REPUBLIKA.CO.ID, JAKARTA -- Deputi Gubernur Senior Bank Indonesia (BI) Mirza Adityaswara mengungkapkan bahwa pasar keuangan yang belum dalam di negara berkembang termasuk Indonesia memberi andil terhadap gejolak nilai tukar rupiah. "Kedalaman pasar keuangan ini menyangkut likuiditas di pasar, semakin dalam pasar keuangan semakin besar likuiditasnya," kata Mirza saat membuka pelatihan wartawan perbankan di Gedung BI Jakarta, Jumat (6/12).
Ia menyebutkan volume perdagangan atau transaksi di pasar uang Indonesia saat ini hanya sekitar 500 juta dolar AS per hari. Jumlah ini lebih rendah dari transaksi di negara maju seperti yen Jepang yang mencapai triliunan dolar AS.

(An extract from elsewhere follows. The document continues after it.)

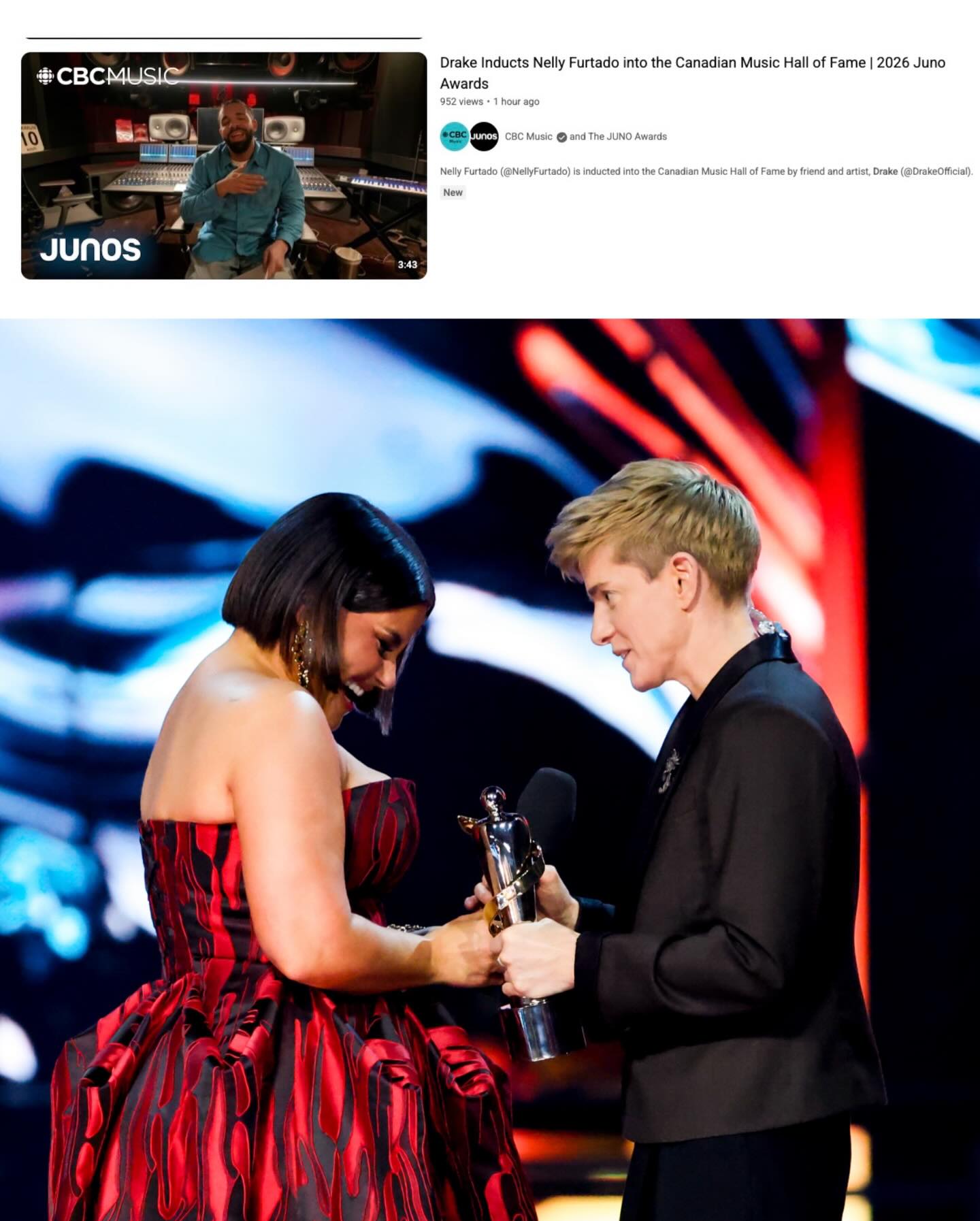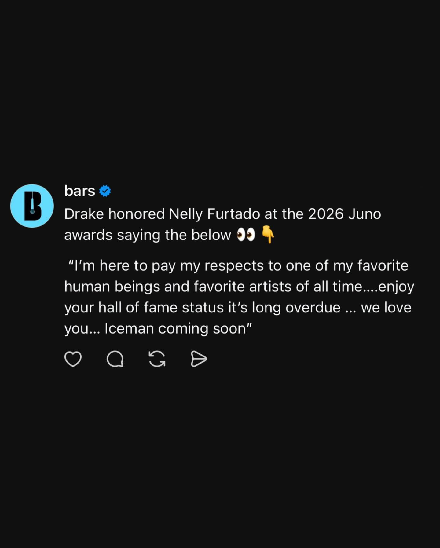 Drake shared a message honoring Nelly Furtado at the 2026 JUNO awards saying 👀👇

Mirza menuturkan ada dua hal yang mempengaruhi nilai tukar rupiah terhadap dolar AS. Selain kondisi likuiditasnya, faktor lain yang mempengaruhi adalah kondisi fundamental ekonomi.

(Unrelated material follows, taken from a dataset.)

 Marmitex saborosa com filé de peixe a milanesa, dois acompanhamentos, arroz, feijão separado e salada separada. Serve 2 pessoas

Menurut dia, upaya yang harus dilakukan dalam jangka panjang adalah membuat pasar keuangan lebih dalam sehingga likuiditas naik dan memperbaiki fundamental ekonomi seperti menjaga neraca transaksi berjalan tetap baik, inflasi terkendali dan lainnya. Ia menyebutkan jika dua faktor tersebut membaik maka nilai tukar rupiah juga akan membaik.
"Jadi jangan khawatir melihat pergerakan rupiah, yang penting fundamental ekonomi dan likuiditas diperbaiki," katanya.

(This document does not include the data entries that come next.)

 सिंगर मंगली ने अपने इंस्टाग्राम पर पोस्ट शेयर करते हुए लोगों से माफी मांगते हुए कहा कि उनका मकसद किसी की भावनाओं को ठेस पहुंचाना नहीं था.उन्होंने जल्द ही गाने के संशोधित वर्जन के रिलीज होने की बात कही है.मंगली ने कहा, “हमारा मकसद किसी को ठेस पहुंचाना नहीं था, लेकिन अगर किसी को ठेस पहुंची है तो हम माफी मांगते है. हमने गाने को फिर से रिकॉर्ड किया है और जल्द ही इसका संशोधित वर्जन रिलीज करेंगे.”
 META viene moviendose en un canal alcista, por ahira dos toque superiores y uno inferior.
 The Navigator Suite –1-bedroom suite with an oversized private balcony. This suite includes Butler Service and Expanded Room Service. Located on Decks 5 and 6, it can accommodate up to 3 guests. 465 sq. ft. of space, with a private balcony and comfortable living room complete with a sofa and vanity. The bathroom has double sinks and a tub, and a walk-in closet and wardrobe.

Mengenai dampak tapering off, Mirza mengatakan negara-negara berkembang memiliki ketergantungan pada pasar keuangan global. "Fund manajer asing memegang sekitar Rp 320 triliun obligasi negara kita, jadi apa yang terjadi di luar akan berpengaruh," katanya.
Menurutnya, selama mereka lihat pemerintah dan BI membuat respon yang tepat, investor asing akan memberi respon positif. "Mereka yang sudah keluar akan menunggu waktu yang tepat untuk kembali," katanya.
Mirza juga meminta agar para eksportir membantu meningkatkan likuiditas pasar keuangan dengan membawa devisa hasil ekspornya ke Indonesia. "Dengan nilai rupiah yang mendekati Rp 12 ribu per dolar AS tentu eksportir sudah memperoleh keuntungan cukup besar," katanya.